Wacky Rig Fishing on Greenwood Lake
Greenwood Lake · New Jersey / New York · Northeast
Greenwood Lake is a natural glacial lake spanning roughly 1,920 acres along the NJ/NY state line in the Hudson Highlands, running about 9 miles north to south with a maximum depth near 60 feet. The fishery mixes rocky points and submerged boulder fields favored by smallmouth with shallow weedy coves and dock-lined bays that hold quality largemouth. Water clarity trends toward the clear side — often 8–12 feet of Secchi visibility in summer — which demands finesse presentations more often than most anglers from the region expect.
A Yamamoto Senko or similar soft stick bait hooked through the middle so both ends fall and quiver independently. The wacky-rigged Senko falling through the water column produces a fluttering action that triggers strikes on the fall constantly.
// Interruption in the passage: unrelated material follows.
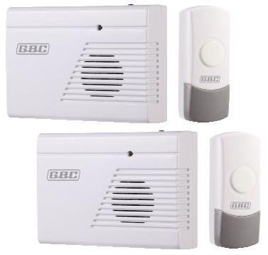 Kit di campanelli senza fili composto da due unità trasmittenti con grado di protezione IP44 e da due riceventi, il tutto alimentato a batterie.

Exceptional in shallow water around docks, laydowns, and vegetation.
Wacky Rig Setup for Greenwood Lake
| Rod | 7' medium spinning rod, moderate-fast action |
| Reel | 2500–3000 spinning reel |
| Line | 10 lb braid + 8–10 lb fluorocarbon leader |
| Weight | No weight (classic) or 1/16–1/8 oz wacky jig head for deeper water |
| Hook | #1–2/0 wacky hook with O-ring on worm |
Seasonal Tactics on Greenwood Lake
Lake: Largemouth stage on the warmer northern coves and shoreline dock pilings as early as late April, with spawning beds visible in 3–6 ft of water over sandy and gravel substrate; smallmouth come onto rocky points and windswept gravel flats as water climbs through the upper 50s.
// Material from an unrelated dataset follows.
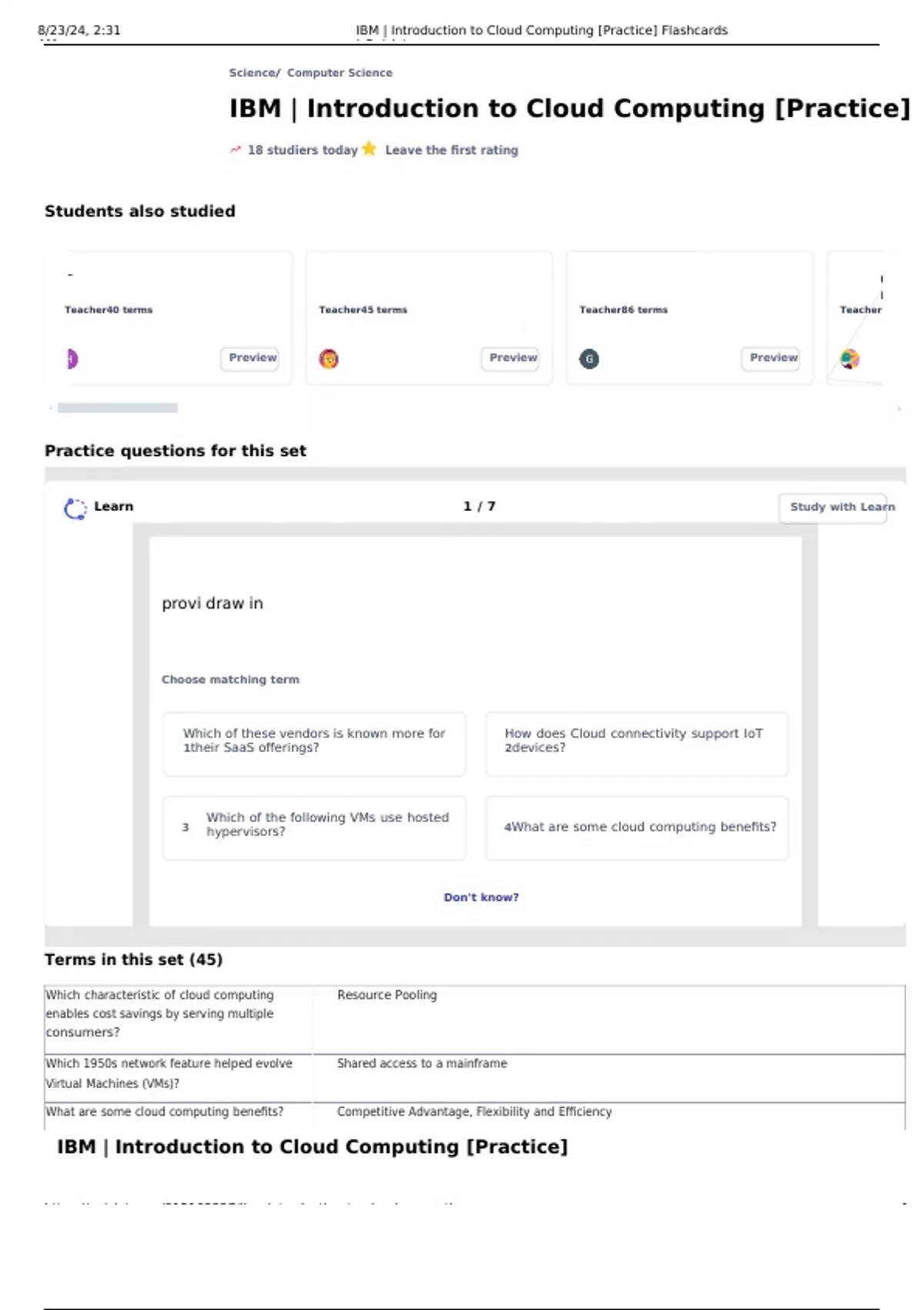 8/23/24, 2:31 IBM | Introduction to Cloud Computing [Practice] Flashcards

Wacky Rig: Spawn and post-spawn — drop next to every dock post and laydown. Natural and green pumpkin.
Lake: Thermocline sets up around 25–30 ft by mid-July, pushing smallmouth to rocky transitions and deep boulder piles at the 15–25 ft range while largemouth suspend under docks and in submerged weed canopies; topwater action on schooling bass occurs in the main lake basin at dawn.
Wacky Rig: Dock shade in morning and evening. Drop and count it down on the fall. Many bites come before it hits bottom.
Lake: Shad and perch migrations concentrate bass on main-lake points and channel swings through October; this is the best window for big smallmouth on the rocky northeastern shoreline as water cools through the 55–48°F range.
Wacky Rig: Transition fish around remaining shallow structure. Watermelon and natural colors.
Lake: Ice cover is inconsistent year to year; open-water periods see largemouth pushed tight to deep dock pilings and smallmouth parked on deep gravel transitions in 35–50 ft, largely inactive and best approached with a slow drop-shot or finesse presentation.
Wacky Rig: Add a small nail weight to get deeper, fish like a drop shot. Less effective than rigged alternatives in cold.
Best Conditions
Dock fishing, shallow clear water, post-spawn beds and staging areas, finesse situations, any time bass are in 2–12 feet
Use an O-ring on the worm — thread it on the middle and hook through the O-ring, not the worm. You'll catch 5–10x more fish per bait because the worm won't tear.